Records excerpted from a collection
::::::::
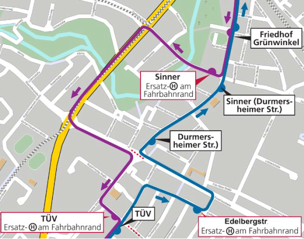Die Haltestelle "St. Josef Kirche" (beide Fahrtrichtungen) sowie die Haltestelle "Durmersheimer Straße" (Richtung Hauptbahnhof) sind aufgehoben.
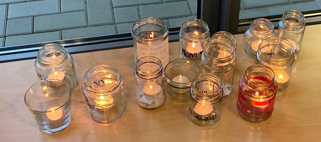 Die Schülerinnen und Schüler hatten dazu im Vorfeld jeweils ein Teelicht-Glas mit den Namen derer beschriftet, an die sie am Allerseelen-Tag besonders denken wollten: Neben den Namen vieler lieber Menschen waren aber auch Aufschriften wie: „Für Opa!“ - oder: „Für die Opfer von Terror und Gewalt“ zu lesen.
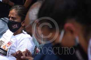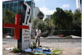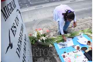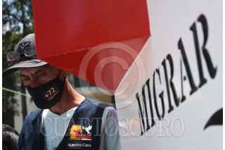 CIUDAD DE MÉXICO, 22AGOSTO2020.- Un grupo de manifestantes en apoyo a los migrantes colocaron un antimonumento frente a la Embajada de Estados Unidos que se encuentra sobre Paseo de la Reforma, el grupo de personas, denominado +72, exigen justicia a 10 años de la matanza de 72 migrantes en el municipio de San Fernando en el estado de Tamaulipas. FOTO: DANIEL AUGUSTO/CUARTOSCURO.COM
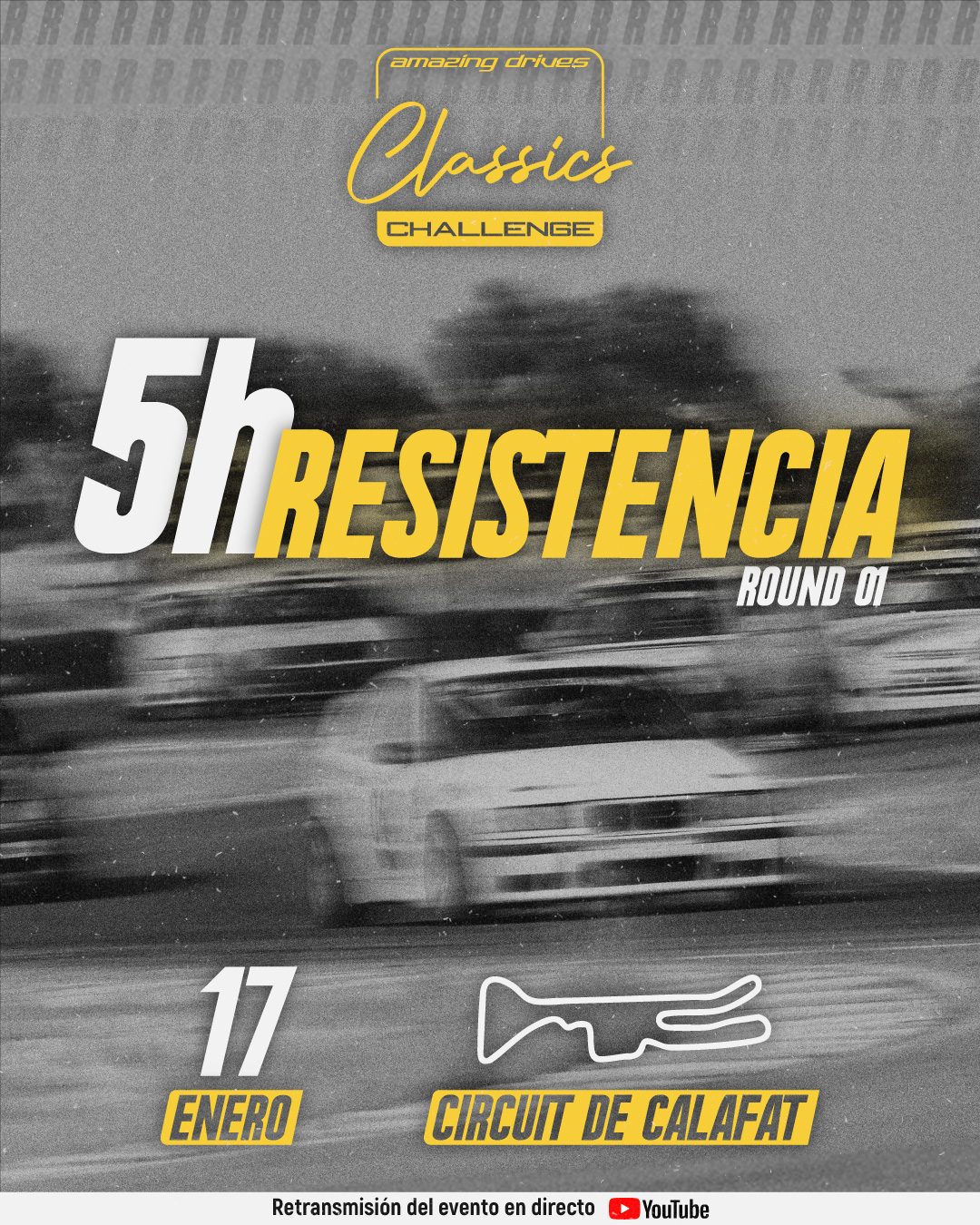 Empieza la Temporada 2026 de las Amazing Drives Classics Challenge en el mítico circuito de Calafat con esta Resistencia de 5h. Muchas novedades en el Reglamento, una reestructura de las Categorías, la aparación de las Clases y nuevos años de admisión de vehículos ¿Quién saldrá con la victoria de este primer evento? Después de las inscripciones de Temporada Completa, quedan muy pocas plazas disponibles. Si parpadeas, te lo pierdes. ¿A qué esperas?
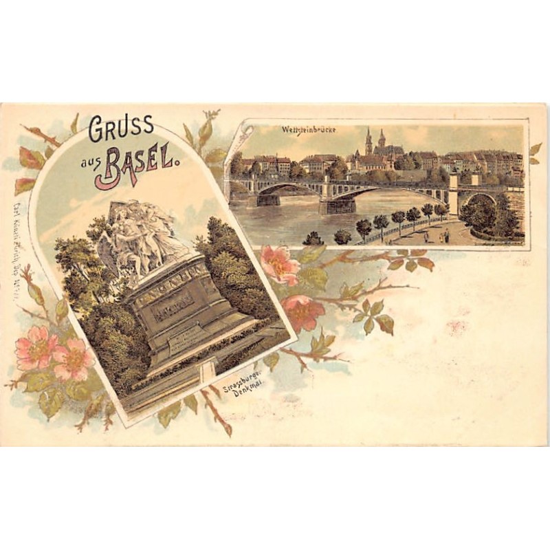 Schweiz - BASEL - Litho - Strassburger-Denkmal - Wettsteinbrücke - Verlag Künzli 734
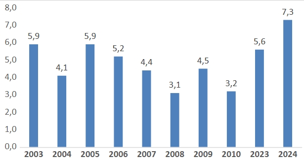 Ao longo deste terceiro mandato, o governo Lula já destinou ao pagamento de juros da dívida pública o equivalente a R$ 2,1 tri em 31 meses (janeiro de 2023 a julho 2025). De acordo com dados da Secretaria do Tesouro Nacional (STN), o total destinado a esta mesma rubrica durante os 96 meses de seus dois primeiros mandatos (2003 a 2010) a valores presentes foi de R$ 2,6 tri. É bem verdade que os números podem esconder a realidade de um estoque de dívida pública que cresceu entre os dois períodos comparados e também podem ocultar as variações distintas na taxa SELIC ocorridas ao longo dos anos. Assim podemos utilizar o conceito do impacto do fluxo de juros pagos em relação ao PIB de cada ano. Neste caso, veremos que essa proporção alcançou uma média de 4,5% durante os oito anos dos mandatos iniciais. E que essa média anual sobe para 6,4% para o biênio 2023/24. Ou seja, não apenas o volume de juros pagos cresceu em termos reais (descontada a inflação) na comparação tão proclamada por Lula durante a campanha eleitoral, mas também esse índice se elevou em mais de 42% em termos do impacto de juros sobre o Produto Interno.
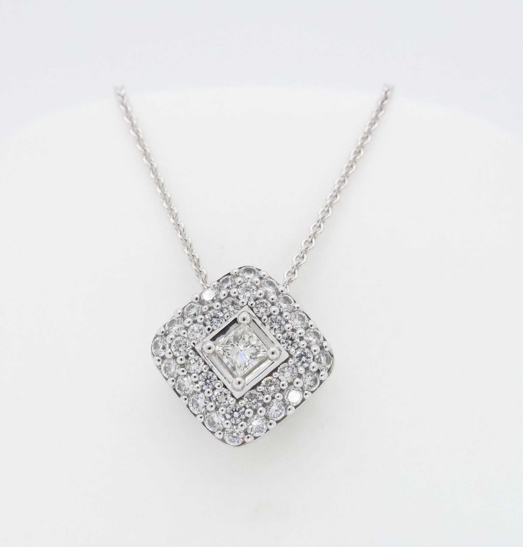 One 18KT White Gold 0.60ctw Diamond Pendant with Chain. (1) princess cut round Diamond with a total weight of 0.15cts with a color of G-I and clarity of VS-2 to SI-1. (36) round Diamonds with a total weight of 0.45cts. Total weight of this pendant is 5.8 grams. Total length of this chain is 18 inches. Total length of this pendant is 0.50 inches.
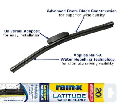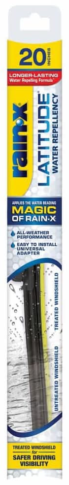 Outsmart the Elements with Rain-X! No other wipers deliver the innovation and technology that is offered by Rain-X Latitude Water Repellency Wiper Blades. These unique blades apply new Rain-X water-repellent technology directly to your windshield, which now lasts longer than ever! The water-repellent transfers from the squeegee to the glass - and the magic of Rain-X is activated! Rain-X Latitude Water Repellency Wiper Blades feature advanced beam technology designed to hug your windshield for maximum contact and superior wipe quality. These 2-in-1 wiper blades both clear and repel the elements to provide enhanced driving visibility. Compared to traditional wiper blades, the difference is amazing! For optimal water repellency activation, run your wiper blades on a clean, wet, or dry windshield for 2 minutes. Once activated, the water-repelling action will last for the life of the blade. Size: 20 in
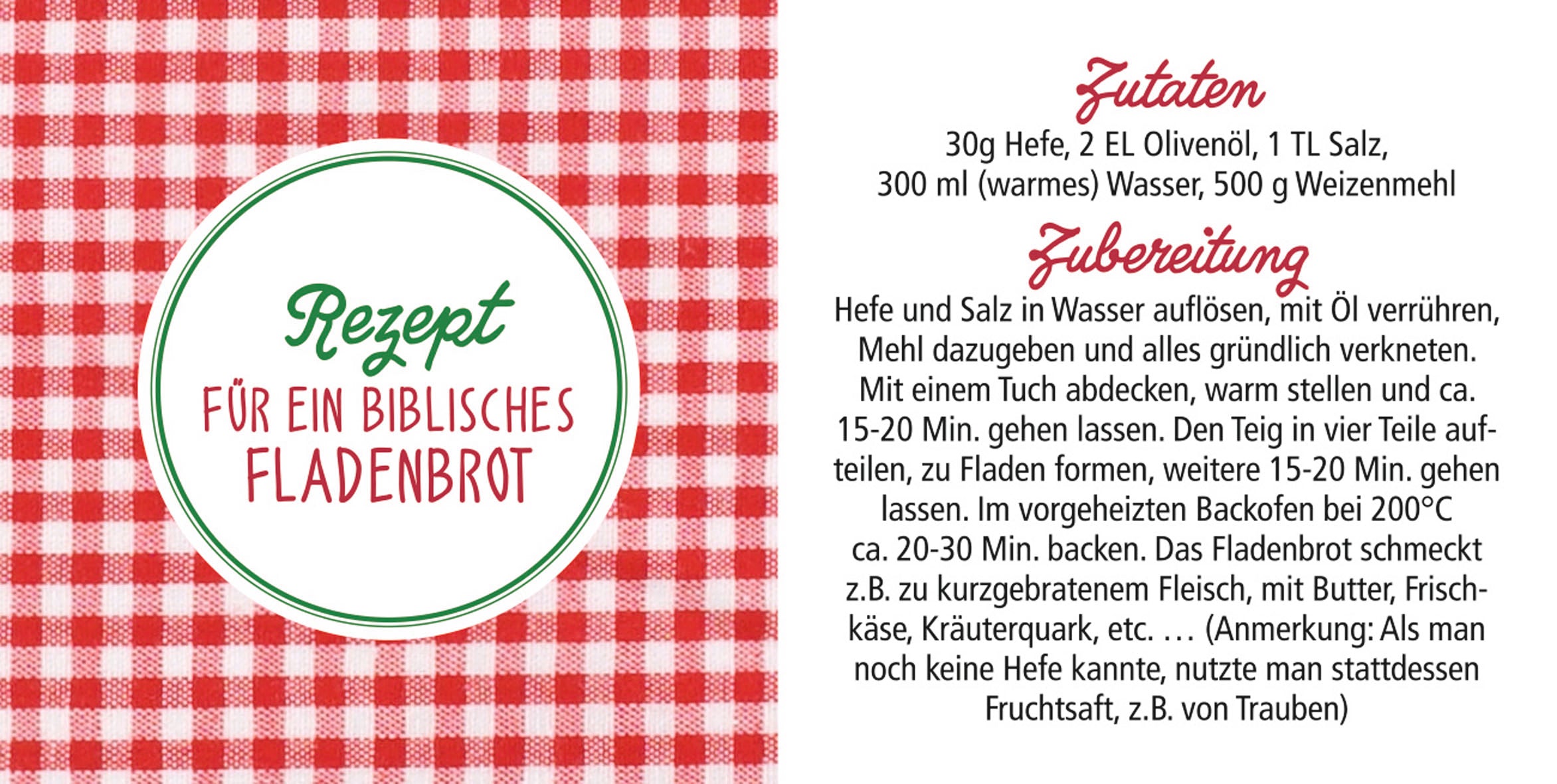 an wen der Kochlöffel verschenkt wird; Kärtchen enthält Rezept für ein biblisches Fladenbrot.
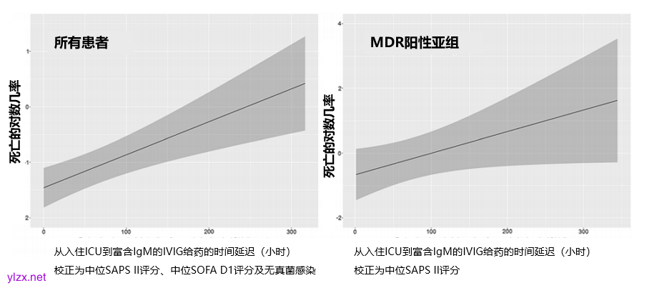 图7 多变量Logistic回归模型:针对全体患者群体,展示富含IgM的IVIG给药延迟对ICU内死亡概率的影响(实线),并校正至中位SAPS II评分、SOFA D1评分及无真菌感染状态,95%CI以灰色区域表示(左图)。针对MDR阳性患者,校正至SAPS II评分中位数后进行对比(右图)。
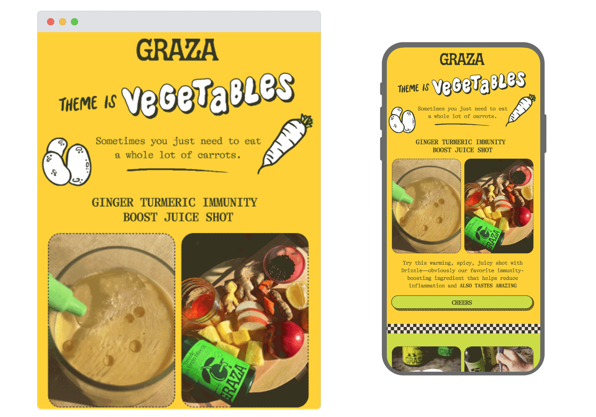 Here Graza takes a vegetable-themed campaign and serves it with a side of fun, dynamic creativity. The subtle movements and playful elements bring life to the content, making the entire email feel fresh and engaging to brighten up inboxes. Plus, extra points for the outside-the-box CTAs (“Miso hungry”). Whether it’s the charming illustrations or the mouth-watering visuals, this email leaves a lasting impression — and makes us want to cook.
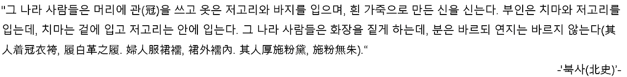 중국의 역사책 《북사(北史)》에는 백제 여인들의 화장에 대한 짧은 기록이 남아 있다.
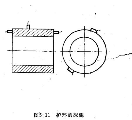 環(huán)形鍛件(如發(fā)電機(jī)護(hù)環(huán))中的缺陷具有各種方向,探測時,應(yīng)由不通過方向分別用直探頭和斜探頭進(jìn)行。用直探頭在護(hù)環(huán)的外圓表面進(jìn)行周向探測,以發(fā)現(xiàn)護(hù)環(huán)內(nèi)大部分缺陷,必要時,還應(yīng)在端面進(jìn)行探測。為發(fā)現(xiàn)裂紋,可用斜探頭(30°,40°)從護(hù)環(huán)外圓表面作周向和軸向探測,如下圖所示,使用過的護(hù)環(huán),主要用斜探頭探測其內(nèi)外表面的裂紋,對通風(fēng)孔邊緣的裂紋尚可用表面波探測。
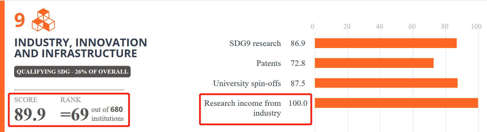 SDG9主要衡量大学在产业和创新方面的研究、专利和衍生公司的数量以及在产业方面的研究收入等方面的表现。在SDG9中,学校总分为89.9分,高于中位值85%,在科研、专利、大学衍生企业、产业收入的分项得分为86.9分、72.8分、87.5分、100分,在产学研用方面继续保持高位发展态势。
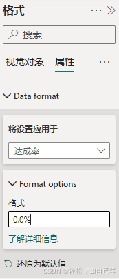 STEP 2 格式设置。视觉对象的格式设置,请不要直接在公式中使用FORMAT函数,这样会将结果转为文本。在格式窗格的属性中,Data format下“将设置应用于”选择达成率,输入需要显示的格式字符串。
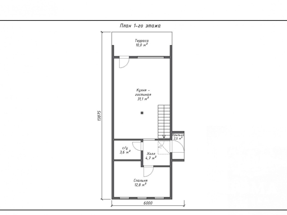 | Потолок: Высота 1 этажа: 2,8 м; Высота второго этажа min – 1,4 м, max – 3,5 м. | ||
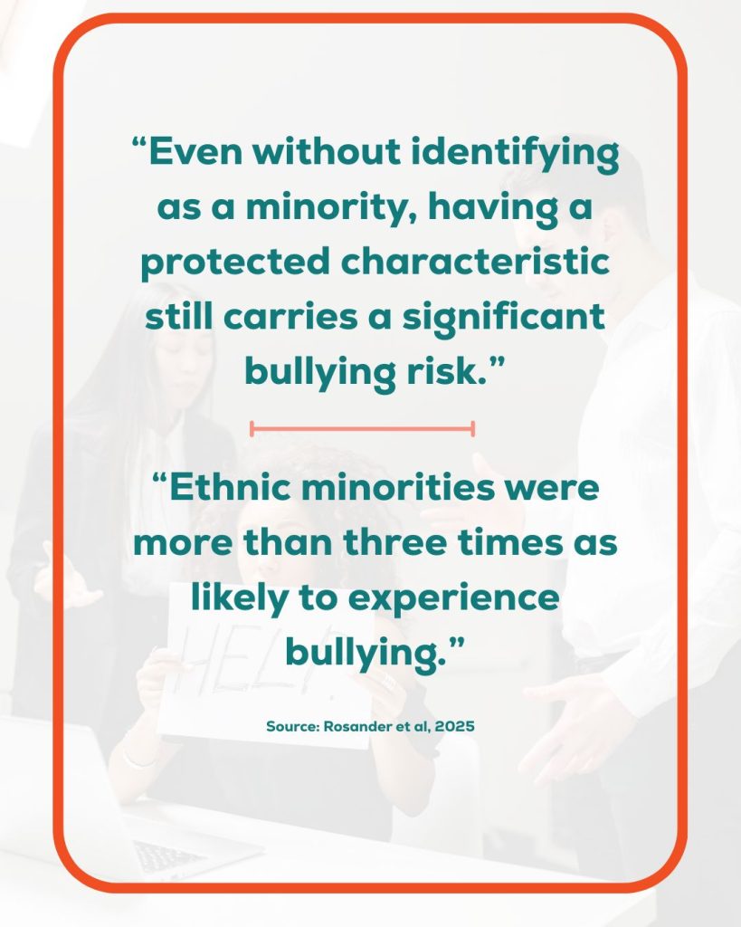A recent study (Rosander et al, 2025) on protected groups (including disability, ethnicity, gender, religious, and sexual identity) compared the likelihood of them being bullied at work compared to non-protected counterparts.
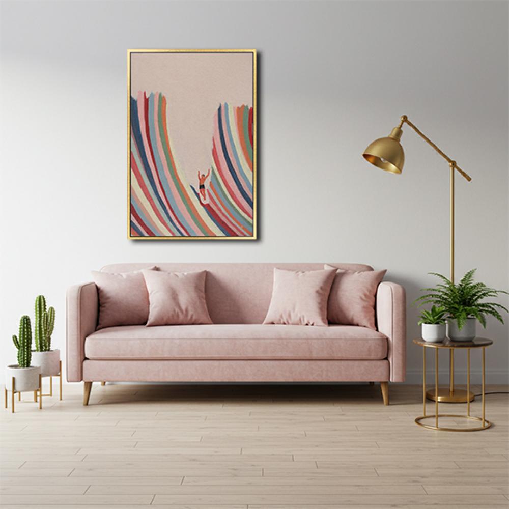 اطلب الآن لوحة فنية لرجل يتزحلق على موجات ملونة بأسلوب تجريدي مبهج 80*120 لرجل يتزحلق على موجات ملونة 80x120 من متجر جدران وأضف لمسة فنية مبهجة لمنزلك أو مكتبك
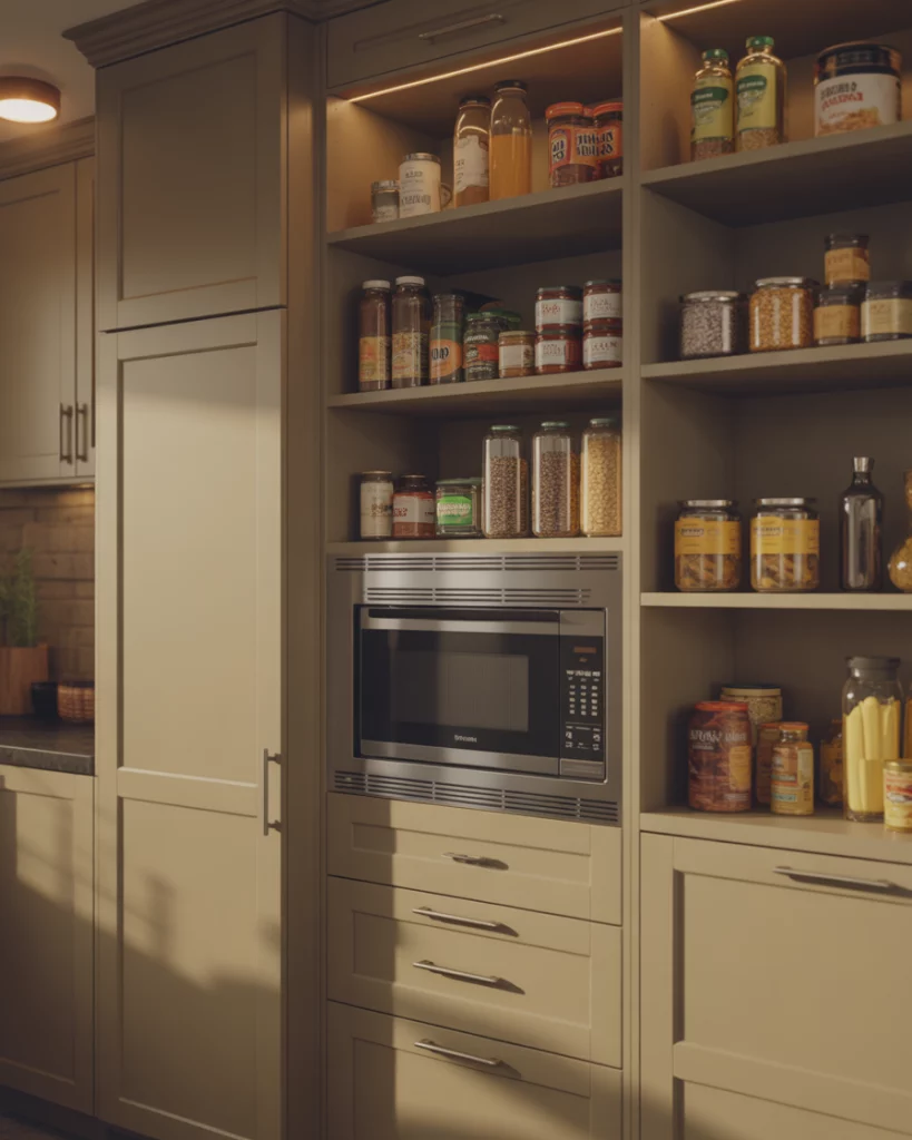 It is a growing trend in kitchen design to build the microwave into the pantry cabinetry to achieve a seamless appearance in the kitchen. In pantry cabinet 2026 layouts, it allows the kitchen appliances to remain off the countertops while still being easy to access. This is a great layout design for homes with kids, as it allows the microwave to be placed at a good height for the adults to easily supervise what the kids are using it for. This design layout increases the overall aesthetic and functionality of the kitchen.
::::::::
## What is required
Go through the data above and transcribe it in full, omitting any image.

## Task response
Die Haltestelle "St. Josef Kirche" (beide Fahrtrichtungen) sowie die Haltestelle "Durmersheimer Straße" (Richtung Hauptbahnhof) sind aufgehoben.
 Die Schülerinnen und Schüler hatten dazu im Vorfeld jeweils ein Teelicht-Glas mit den Namen derer beschriftet, an die sie am Allerseelen-Tag besonders denken wollten: Neben den Namen vieler lieber Menschen waren aber auch Aufschriften wie: „Für Opa!“ - oder: „Für die Opfer von Terror und Gewalt“ zu lesen.
 CIUDAD DE MÉXICO, 22AGOSTO2020.- Un grupo de manifestantes en apoyo a los migrantes colocaron un antimonumento frente a la Embajada de Estados Unidos que se encuentra sobre Paseo de la Reforma, el grupo de personas, denominado +72, exigen justicia a 10 años de la matanza de 72 migrantes en el municipio de San Fernando en el estado de Tamaulipas. FOTO: DANIEL AUGUSTO/CUARTOSCURO.COM
 Empieza la Temporada 2026 de las Amazing Drives Classics Challenge en el mítico circuito de Calafat con esta Resistencia de 5h. Muchas novedades en el Reglamento, una reestructura de las Categorías, la aparación de las Clases y nuevos años de admisión de vehículos ¿Quién saldrá con la victoria de este primer evento? Después de las inscripciones de Temporada Completa, quedan muy pocas plazas disponibles. Si parpadeas, te lo pierdes. ¿A qué esperas?
 Schweiz - BASEL - Litho - Strassburger-Denkmal - Wettsteinbrücke - Verlag Künzli 734
 Ao longo deste terceiro mandato, o governo Lula já destinou ao pagamento de juros da dívida pública o equivalente a R$ 2,1 tri em 31 meses (janeiro de 2023 a julho 2025). De acordo com dados da Secretaria do Tesouro Nacional (STN), o total destinado a esta mesma rubrica durante os 96 meses de seus dois primeiros mandatos (2003 a 2010) a valores presentes foi de R$ 2,6 tri. É bem verdade que os números podem esconder a realidade de um estoque de dívida pública que cresceu entre os dois períodos comparados e também podem ocultar as variações distintas na taxa SELIC ocorridas ao longo dos anos. Assim podemos utilizar o conceito do impacto do fluxo de juros pagos em relação ao PIB de cada ano. Neste caso, veremos que essa proporção alcançou uma média de 4,5% durante os oito anos dos mandatos iniciais. E que essa média anual sobe para 6,4% para o biênio 2023/24. Ou seja, não apenas o volume de juros pagos cresceu em termos reais (descontada a inflação) na comparação tão proclamada por Lula durante a campanha eleitoral, mas também esse índice se elevou em mais de 42% em termos do impacto de juros sobre o Produto Interno.
 One 18KT White Gold 0.60ctw Diamond Pendant with Chain. (1) princess cut round Diamond with a total weight of 0.15cts with a color of G-I and clarity of VS-2 to SI-1. (36) round Diamonds with a total weight of 0.45cts. Total weight of this pendant is 5.8 grams. Total length of this chain is 18 inches. Total length of this pendant is 0.50 inches.
 Outsmart the Elements with Rain-X! No other wipers deliver the innovation and technology that is offered by Rain-X Latitude Water Repellency Wiper Blades. These unique blades apply new Rain-X water-repellent technology directly to your windshield, which now lasts longer than ever! The water-repellent transfers from the squeegee to the glass - and the magic of Rain-X is activated! Rain-X Latitude Water Repellency Wiper Blades feature advanced beam technology designed to hug your windshield for maximum contact and superior wipe quality. These 2-in-1 wiper blades both clear and repel the elements to provide enhanced driving visibility. Compared to traditional wiper blades, the difference is amazing! For optimal water repellency activation, run your wiper blades on a clean, wet, or dry windshield for 2 minutes. Once activated, the water-repelling action will last for the life of the blade. Size: 20 in
 an wen der Kochlöffel verschenkt wird; Kärtchen enthält Rezept für ein biblisches Fladenbrot.
 图7 多变量Logistic回归模型:针对全体患者群体,展示富含IgM的IVIG给药延迟对ICU内死亡概率的影响(实线),并校正至中位SAPS II评分、SOFA D1评分及无真菌感染状态,95%CI以灰色区域表示(左图)。针对MDR阳性患者,校正至SAPS II评分中位数后进行对比(右图)。
 Here Graza takes a vegetable-themed campaign and serves it with a side of fun, dynamic creativity. The subtle movements and playful elements bring life to the content, making the entire email feel fresh and engaging to brighten up inboxes. Plus, extra points for the outside-the-box CTAs (“Miso hungry”). Whether it’s the charming illustrations or the mouth-watering visuals, this email leaves a lasting impression — and makes us want to cook.
 중국의 역사책 《북사(北史)》에는 백제 여인들의 화장에 대한 짧은 기록이 남아 있다.
 環(huán)形鍛件(如發(fā)電機(jī)護(hù)環(huán))中的缺陷具有各種方向,探測時,應(yīng)由不通過方向分別用直探頭和斜探頭進(jìn)行。用直探頭在護(hù)環(huán)的外圓表面進(jìn)行周向探測,以發(fā)現(xiàn)護(hù)環(huán)內(nèi)大部分缺陷,必要時,還應(yīng)在端面進(jìn)行探測。為發(fā)現(xiàn)裂紋,可用斜探頭(30°,40°)從護(hù)環(huán)外圓表面作周向和軸向探測,如下圖所示,使用過的護(hù)環(huán),主要用斜探頭探測其內(nèi)外表面的裂紋,對通風(fēng)孔邊緣的裂紋尚可用表面波探測。
 SDG9主要衡量大学在产业和创新方面的研究、专利和衍生公司的数量以及在产业方面的研究收入等方面的表现。在SDG9中,学校总分为89.9分,高于中位值85%,在科研、专利、大学衍生企业、产业收入的分项得分为86.9分、72.8分、87.5分、100分,在产学研用方面继续保持高位发展态势。
 STEP 2 格式设置。视觉对象的格式设置,请不要直接在公式中使用FORMAT函数,这样会将结果转为文本。在格式窗格的属性中,Data format下“将设置应用于”选择达成率,输入需要显示的格式字符串。
 | Потолок: Высота 1 этажа: 2,8 м; Высота второго этажа min – 1,4 м, max – 3,5 м. | ||
A recent study (Rosander et al, 2025) on protected groups (including disability, ethnicity, gender, religious, and sexual identity) compared the likelihood of them being bullied at work compared to non-protected counterparts.
 اطلب الآن لوحة فنية لرجل يتزحلق على موجات ملونة بأسلوب تجريدي مبهج 80*120 لرجل يتزحلق على موجات ملونة 80x120 من متجر جدران وأضف لمسة فنية مبهجة لمنزلك أو مكتبك
 It is a growing trend in kitchen design to build the microwave into the pantry cabinetry to achieve a seamless appearance in the kitchen. In pantry cabinet 2026 layouts, it allows the kitchen appliances to remain off the countertops while still being easy to access. This is a great layout design for homes with kids, as it allows the microwave to be placed at a good height for the adults to easily supervise what the kids are using it for. This design layout increases the overall aesthetic and functionality of the kitchen.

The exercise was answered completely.